▶ [EXERCISE]: The line containing "- Breezy, bold, and" marks the end; write out exactly every line from the start of the data up to and including it, without the pictures.
#### RECORD EXTRACTS
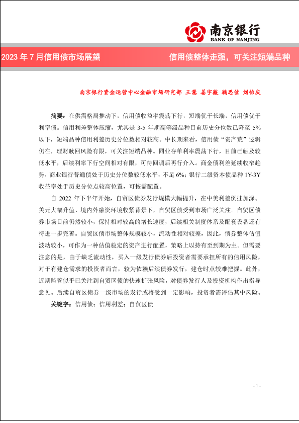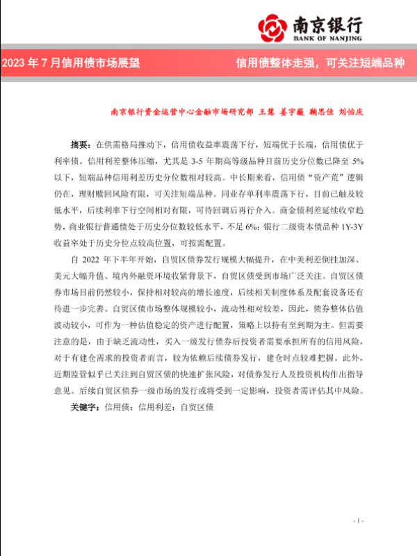 【南京银行】【20230724】2023年7月信用债市场展望:信用债整体走强,可关注短端品种-20页
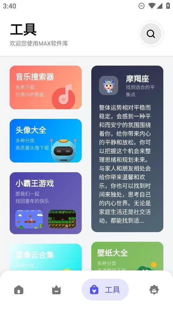 MAX软件库的最新版本,堪称一座资源宝库,无论你想寻觅何种类型的资源,皆能在此找到。只需轻松一键,即可迅速将其安装至手机。该软件库资源丰富多样,并且所有资源都支持免费体验,实在是诚意满满、十分良心。有需求的用户,可千万不要错过这款软件库。
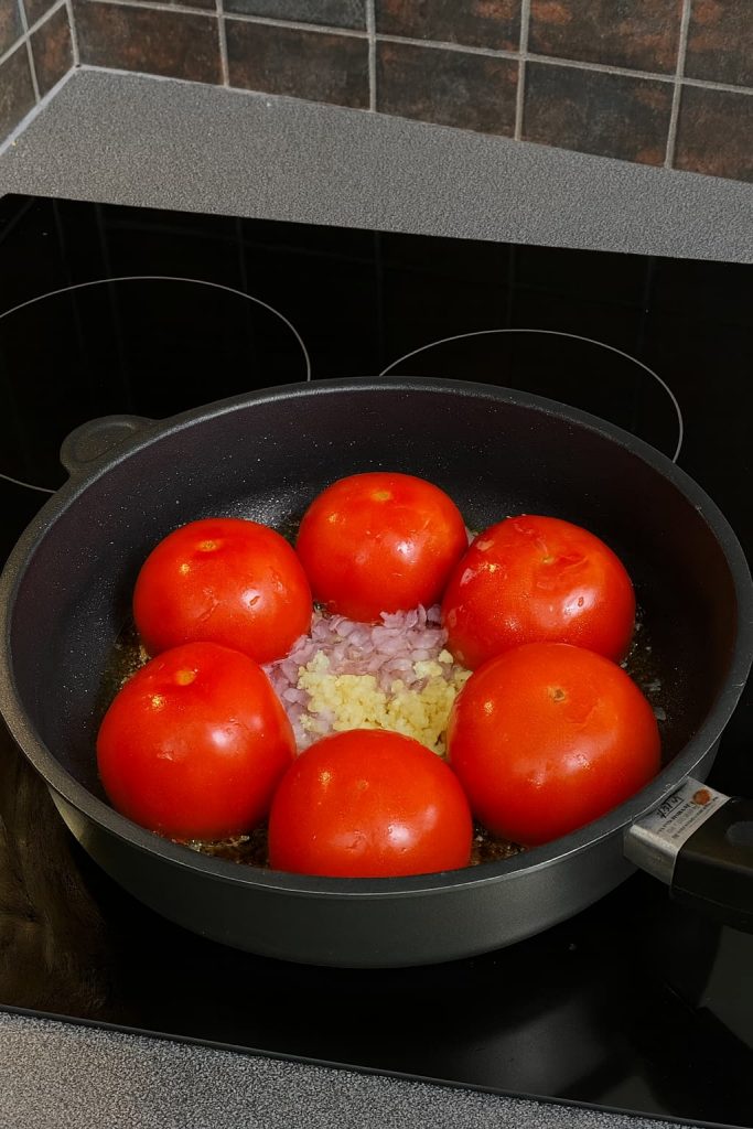 Cocina los tomates, la cebolla y el ajo hasta que estén tiernos y aromáticos.
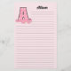 Pink Gingham Letter A Girl's Monogram Stationery
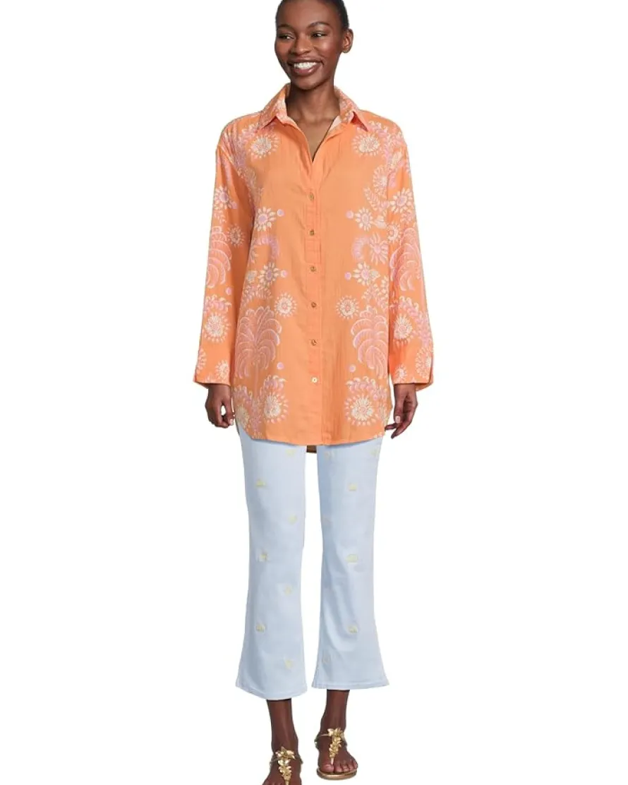 - Breezy, bold, and beautiful: The Lilly Pulitzer® Kwitney Long-Sleeve Cover-Up. This relaxed-fit cover-up is easy to layer for an endless variety of looks due to its classic collared neckline and button-front closure. The light fabric falls beautifully over the skin to keep you cool and comfortable while lounging at the pool or walking the shore. Its signature floral print makes it great for a day at the beach or a brunch by the water.
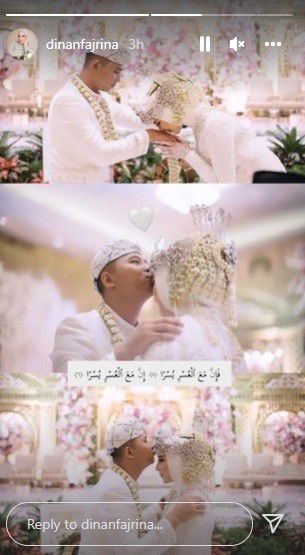 Di bagian atas, Dinan tampak mencium tangan suaminya. Sementara dua foto lainnya menunjukkan momen saat Doni Salmanan mencium keningnya. Mengiringi unggahannya itu, Dinan Fajrina menyertakan ayat Al-Qur’an yang diambil dari Surat Al-Insyirah yang ditulisnya dengan menggunakan huruf Hijaiyah, yang berbunyi, ‘Fainna ma'al 'usri yusran. Inna ma'al 'usri yusran.’
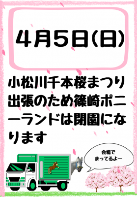 - 【篠崎】小松川千本桜まつり出張乗馬と休園のお知らせ
########
▶ [REPLY TO THE TASK]:
 【南京银行】【20230724】2023年7月信用债市场展望:信用债整体走强,可关注短端品种-20页
 MAX软件库的最新版本,堪称一座资源宝库,无论你想寻觅何种类型的资源,皆能在此找到。只需轻松一键,即可迅速将其安装至手机。该软件库资源丰富多样,并且所有资源都支持免费体验,实在是诚意满满、十分良心。有需求的用户,可千万不要错过这款软件库。
 Cocina los tomates, la cebolla y el ajo hasta que estén tiernos y aromáticos.
 Pink Gingham Letter A Girl's Monogram Stationery
 - Breezy, bold, and beautiful: The Lilly Pulitzer® Kwitney Long-Sleeve Cover-Up. This relaxed-fit cover-up is easy to layer for an endless variety of looks due to its classic collared neckline and button-front closure. The light fabric falls beautifully over the skin to keep you cool and comfortable while lounging at the pool or walking the shore. Its signature floral print makes it great for a day at the beach or a brunch by the water.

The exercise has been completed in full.